Abstract :
[en] The developmental origins of human adults’ right hemispheric specialization for face perception remain unclear.
On the one hand, infant studies have shown a right hemispheric advantage for face perception. On the other
hand, it has been proposed that the adult right hemispheric lateralization for face perception slowly emerges
during childhood due to reading acquisition, which increases left lateralized posterior responses to competing
written material (e.g., visual letters and words). Since methodological approaches used in infant and children
typically differ when their face capabilities are explored, resolving this issue has been difficult.

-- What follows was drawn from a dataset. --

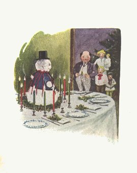 | Hannah began to set the table for Christmas dinner. Right in the center of her table, after she had put on a beautiful linen tablecloth, she put Mr. White. Dear me, he did look handsome! His tall hat was very shiny, his jacket was very blue, and he seemed to have a lot of little red ribbons coming out of his neck. A lovely wreath of holly was placed around him and the tall red candles that he had always ad- mired. Then Hannah went back and forth, from the pantry to the table, putting on the best plates and the tall glasses that sparkled because she had polished them so nicely, and the very necessary knives and forks. 18 |

Here we tested 5-
year-old preschoolers varying in their level of visual letter knowledge with the same fast periodic visual stimulation (FPVS) paradigm leading to strongly right lateralized electrophysiological occipito-temporal face-selective responses in 4- to 6-month-old infants (de Heering and Rossion, 2015). Children's face-selective response
was quantitatively larger and differed in scalp topography from infants’, but did not differ across hemispheres.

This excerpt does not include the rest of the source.